Racism in the US

May 11th, 2008

A friend of mine recently opined,

“In the south they don’t mind living next to black people as long as they make less money, whereas in the north we don’t mind them making the same salary as long as they live across town.”

This, admittedly uncomfortable statement, seems pretty true to me and I don’t think it just applies to African-Americans. And lately I am wondering what is to be done about it.


Thinking about getting one

May 5th, 2008

The uber-economical Kymco People S 50 T4


Distracted from Distraction by Distraction

May 2nd, 2008

It is a gorgeous afternoon here in St. Louis after a morning of rain and I have found myself in the usual haunt –with a large chunk of unexpected free time–with my left foot soaked and my right foot dry after a puddle across the street got the better of my agility, thinking about cognitive surplus.

At the very moment I had built the impetus to write that first sentence and plunge myself into the act of putting “black on white” a friend, an expert in paleotypography (Newton, primarily), comes to me with an existential crisis which evolves into a long conversation. The gist of our discussion is the obvious absurdity of his work on seemingly unimportant minutia in the face of unresolved injustices in the world. The hypotheticals of youth, his free time, and frustrated efforts led him to feel guilt for his sins of omission: he has done nothing to make the world better.

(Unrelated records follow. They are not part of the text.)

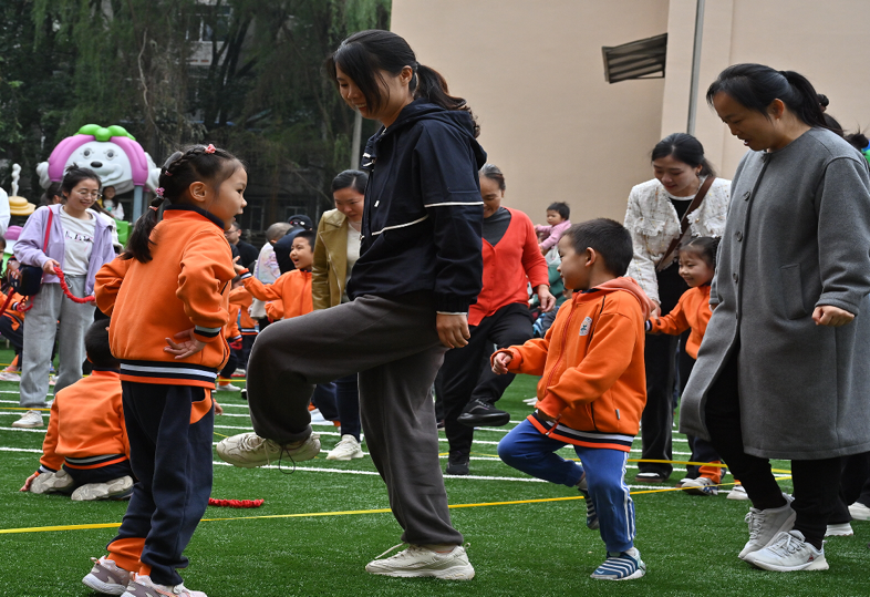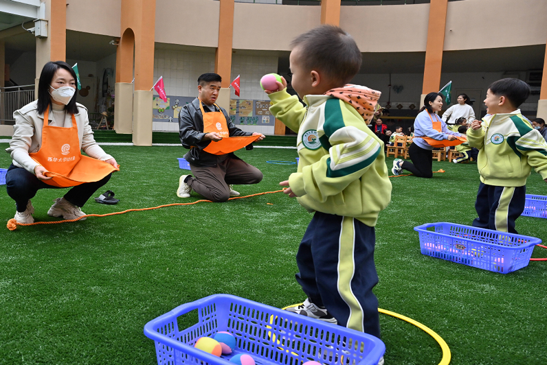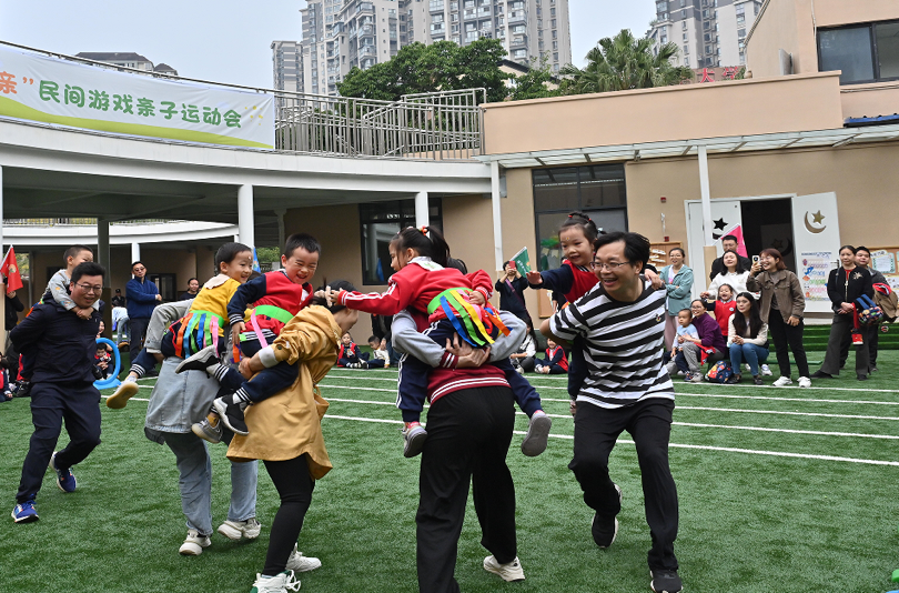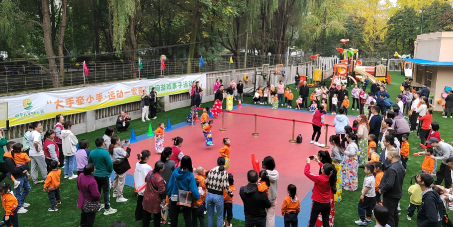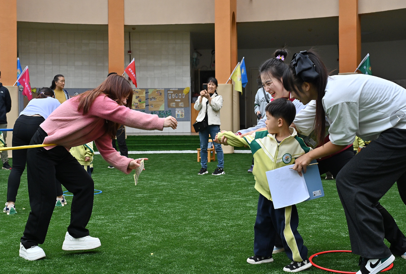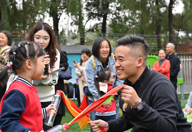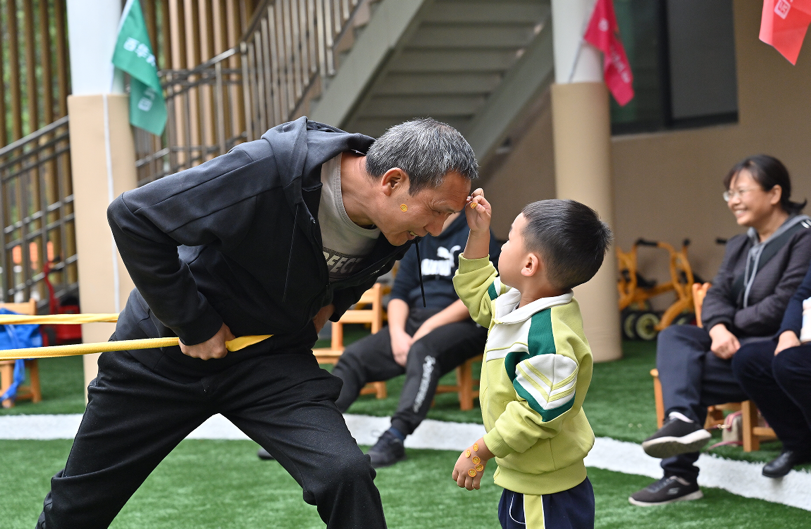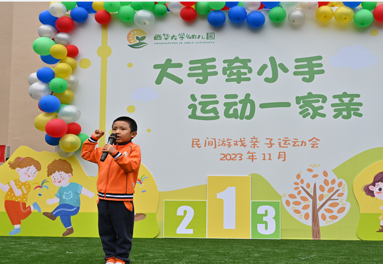 生命因运动而美丽,为培养幼儿热爱运动的好习惯,促进孩子身体健康和谐发展,体验亲子运动的快乐,2138cn太阳城集团幼儿园于2023年11月10日,组织开展了第一届“大手牵小手运动一家亲”民间游戏亲子运动会,全体幼儿与家长积极参与,共同感受运动的乐趣。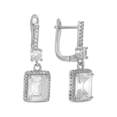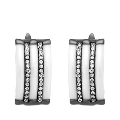 Серебряные серьги с керамикой и фианитами с родированием 585*Золотой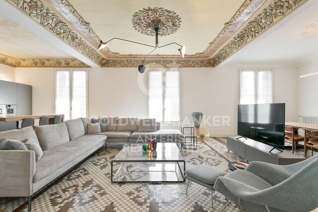 Discover this spectacular flat for rent of 120 m2, with 2 bedrooms and 2 bathrooms in the emblematic Casa Bures, where privacy and comfort merge in an exclusive environment that preserves the charm and elegance of the early twentieth century. Upon entering the flat, we discover an impressive living-dining room where the ceiling has been maintained with original decorative elements of the period; the open plan kitchen, fully equipped, is perfectly integrated into the environment. The large gallery overlooking the courtyard provides the day area with incredible natural light. From the living room we access the master suite with its complete bathroom, which also has access to the gallery. The property also has another complete bathroom and an additional double bedroom. Equipped with high-end appliances and elegantly furnished, this property offers an incomparable atmosphere of luxury and style. Casa Burés is more than just a building, it is an icon of Catalan modernisme, built between 1900 and 1905 by some of the most important craftsmen of the time. Its location in Barcelona's Eixample district, one of the city's most emblematic areas in terms of modernista architecture, makes it a privileged place to live. The restoration carried out between 2015 and 2017 has preserved all the listed decorative details, maintaining the essence and authenticity of this magnificent building. The communal areas of the Casa Burés building add an extra touch of luxury and exclusivity to this exceptional property. With access to complete communal areas, including a heated outdoor swimming pool on the upper terrace, an indoor pool, gymnasium, entertainment room, home cinema and work area on the ground floor, residents can enjoy a variety of leisure and relaxation options without leaving home. In addition, concierge and security services are provided 24 hours a day, 365 days a year to ensure the peace of mind and security of all residents. #ref:CBES2355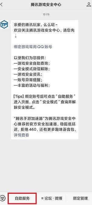 1、微信搜索公衆號:騰訊遊戲安全中心,關注進入頁面,點擊自助服務。
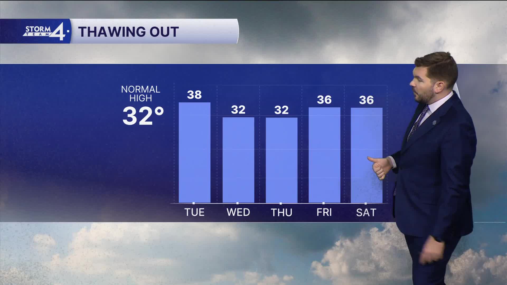 Overnight lows drop to around 30, but a quick warm-up into the upper 30s is anticipated tomorrow afternoon. Some spots may reach 40-degrees.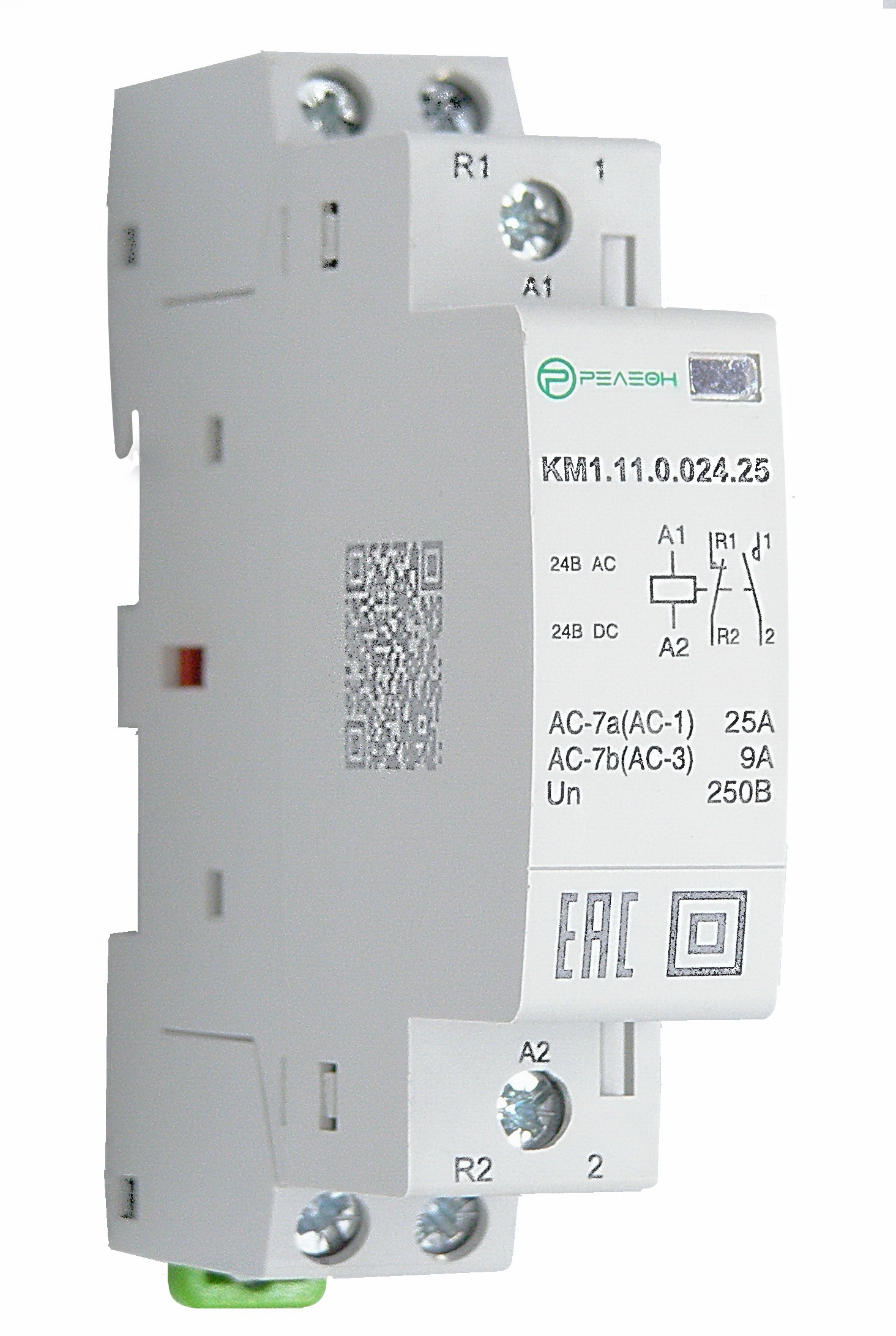 KM111002425, Модульный контактор 1НО + 1 НЗ контакт 25А (~/= 24В AC/DC)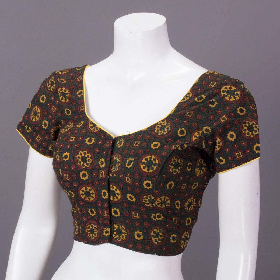 Experience the beauty of traditional Indian design with our Green Ajrakh Printed Cotton Blouse. Made from high-quality cotton, this blouse features intricate Ajrakh prints that add a touch of elegance and cultural charm. Perfect for any occasion, this blouse is a must-have for your wardrobe!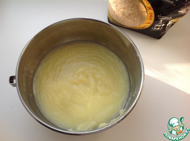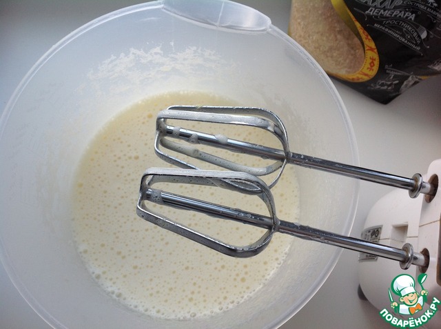 В чашу миксера добавить яйца, сахар и взбить в пышную массу.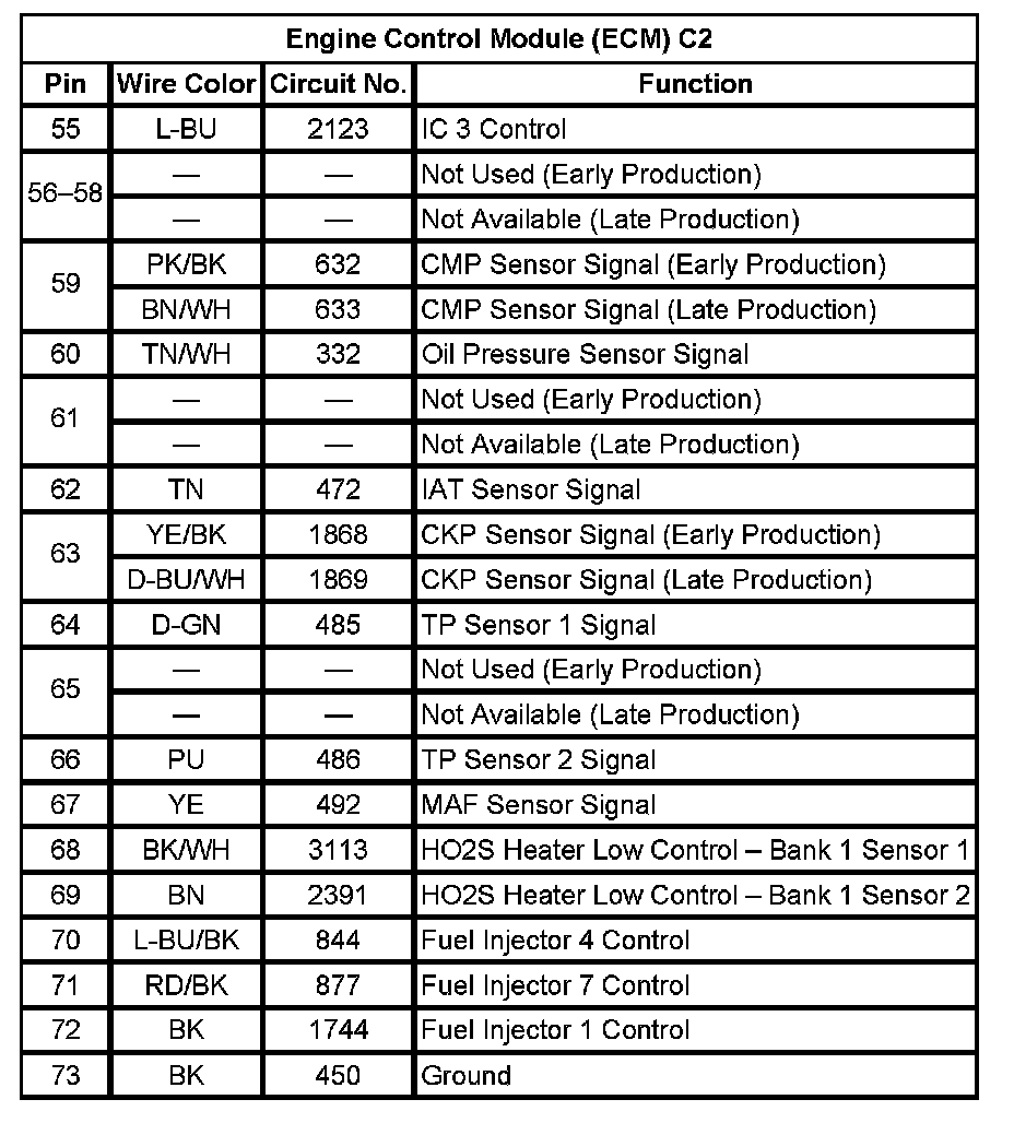 Engine Control Module (ECM) C2 (Pin 55 To 73):

The man who had dismounted his Harley at the peak of our conversation aptly said, “These are the problems of a man with a full belly.”

Too true and directly relevant to Clay Shirky’s point (text or video):1

If I had to pick the critical technology for the 20th century, the bit of social lubricant without which the wheels would’ve come off the whole enterprise, I’d say it was the sitcom. Starting with the Second World War a whole series of things happened–rising GDP per capita, rising educational attainment, rising life expectancy and, critically, a rising number of people who were working five-day work weeks. For the first time, society forced onto an enormous number of its citizens the requirement to manage something they had never had to manage before–free time.

Full bellies and free time can be as much an asset as a deficiency and Clay articulates well they means a society cops with such existential dilemmas:

I was recently reminded of some reading I did in college, way back in the last century, by a British historian arguing that the critical technology, for the early phase of the industrial revolution, was gin.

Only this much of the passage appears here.